Citalopram — Pharmacological profile of a specific serotonin uptake inhibitor with antidepressant activity

1. Citalopram (Lu 10-171), a new bicyclic phthalane derivative, is an extremely potent inhibitor of neuronal serotonin (5-HT) uptake but has no effect on the uptake of noradrenaline (NA) and dopamine (DA). 2. Citalopram has no antagonistic activity towards DA, NA, 5-HT, histamine, gamma aminobutyric acid (GABA), acetylcholine, and morphine receptors.

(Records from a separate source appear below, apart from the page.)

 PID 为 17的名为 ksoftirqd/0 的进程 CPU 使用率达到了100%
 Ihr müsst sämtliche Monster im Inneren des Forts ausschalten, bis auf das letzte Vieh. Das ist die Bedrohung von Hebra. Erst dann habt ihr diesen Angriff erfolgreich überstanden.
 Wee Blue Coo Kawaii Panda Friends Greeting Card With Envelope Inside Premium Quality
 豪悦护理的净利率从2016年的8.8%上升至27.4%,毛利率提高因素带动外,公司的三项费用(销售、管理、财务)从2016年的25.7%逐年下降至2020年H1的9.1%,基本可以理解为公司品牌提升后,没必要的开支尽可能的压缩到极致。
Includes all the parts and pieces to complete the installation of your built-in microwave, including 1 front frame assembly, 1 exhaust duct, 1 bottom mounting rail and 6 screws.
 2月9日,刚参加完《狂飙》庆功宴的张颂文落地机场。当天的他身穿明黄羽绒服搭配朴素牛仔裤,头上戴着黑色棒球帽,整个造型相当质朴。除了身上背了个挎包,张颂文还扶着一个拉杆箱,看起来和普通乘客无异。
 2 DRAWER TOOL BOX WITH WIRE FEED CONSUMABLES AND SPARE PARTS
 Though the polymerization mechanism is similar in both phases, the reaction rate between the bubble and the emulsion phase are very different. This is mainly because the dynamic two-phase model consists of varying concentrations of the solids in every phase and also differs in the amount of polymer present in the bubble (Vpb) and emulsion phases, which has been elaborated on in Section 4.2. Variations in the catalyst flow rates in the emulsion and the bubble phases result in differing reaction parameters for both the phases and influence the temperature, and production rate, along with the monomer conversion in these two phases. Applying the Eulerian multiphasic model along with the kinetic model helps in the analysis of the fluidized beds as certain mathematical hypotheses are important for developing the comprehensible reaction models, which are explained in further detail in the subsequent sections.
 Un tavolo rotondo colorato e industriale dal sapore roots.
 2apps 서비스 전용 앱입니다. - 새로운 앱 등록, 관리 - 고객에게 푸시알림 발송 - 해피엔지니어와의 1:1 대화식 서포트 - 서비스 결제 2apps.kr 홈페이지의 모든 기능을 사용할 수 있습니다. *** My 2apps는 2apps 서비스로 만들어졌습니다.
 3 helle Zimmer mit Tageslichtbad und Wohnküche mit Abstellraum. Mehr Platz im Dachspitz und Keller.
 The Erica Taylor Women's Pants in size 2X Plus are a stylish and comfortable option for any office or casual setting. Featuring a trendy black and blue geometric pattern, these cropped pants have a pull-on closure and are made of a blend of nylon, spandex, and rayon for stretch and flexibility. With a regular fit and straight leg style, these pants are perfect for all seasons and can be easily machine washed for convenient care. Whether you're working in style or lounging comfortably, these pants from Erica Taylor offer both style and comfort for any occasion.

In this way it clearly deviates from many old and new antidepressant drugs which have antagonistic effects towards some of these transmitters. 3. In contrast to many tricyclic antidepressants citalopram is devoid of cardiotoxic effects, even when animals are exposed to concentrations far above the therapeutic level. 4. In man citalopram is metabolized to compounds which are also potent 5-HT-uptake inhibitors without effect of NA uptake and which are found in lower concentrations than citalopram itself. 5. In account of its extreme specificity as a 5-HT-uptake inhibitor citalopram should be considered as an experimental tool of the utmost importance. In preliminary clinical experiments citalopram has shown a clear antidepressant effect. This property together with the absence of troublesome anticholinergic adverse effects and cardiotoxic effects also make citalopram a most promising antidepressant drug.